I'll prepare a blog post on how VersionPress attacks the versioning problem
technically.

------
lelandriordan
This plugin seems to solve a problem and target a market that doesn't exist.
It is also dangerous since it relies on WordPress itself being reachable in
the event of catastrophe.

WordPress users that aren't developers don't use VMs or update their site's
code frequently. Typically they either use simple hosts like Dreamhost/Media
Temple or managed hosts like Pressable/WP Engine that already integrate forms
of easy backup. If they don't there are a [plethora of backup
plugins]([http://premium.wpmudev.org/blog/free-wordpress-backup-
plugin...](http://premium.wpmudev.org/blog/free-wordpress-backup-plugins/))
and [services]([http://vaultpress.com/](http://vaultpress.com/)) that not only
cover code but also the DB. And since these novice users rarely change their
site's code, they have no reason to use version control in the first place.

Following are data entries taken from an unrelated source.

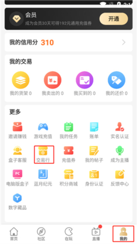 1、打开996盒子app,进入个人中心页面,找到并点击交易行功能入口。
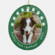 Double-sided Christmas ornament to celebrate your first Christmas with your new pet! Add one photo to each side inside a green frame decorated with tiny white paw prints, your pet's name, and the year.
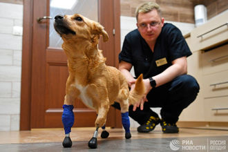 В Новосибирске ветеринары впервые в мире установили собаке протезы на все лапы
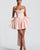 The Mirabella Mini Dress in Blush features a strapless pleated cowl neckline, fitted silhouette with princess seams, and a lace-up back. Tulle panels add volume, while a detachable bow offers elegant versatility. Fully lined with an invisible zipper for a polished finish.

At the other end of the spectrum, WordPress developers don't need this either.
Git is pre-installed on most VMs and integrated into almost all the major
cloud providers and staging sites take 10 minutes to set up. And most
importantly they are abstracted from WordPress itself making them way more
secure. For example, what if the admin becomes unreachable after a hack?
Doesn't this defeat the entire purpose of Versionpress since you won't be able
to access the plugin page to revert back? Combining backup and version control
together in the WordPress admin is a recipe for disaster.

Lastly, whats the point of raising $30K since this is a premium plugin that's
almost done anyway? If the picture isn't a rendering, then it seems like the
plugin is already well under development. Isn't this more like a presale?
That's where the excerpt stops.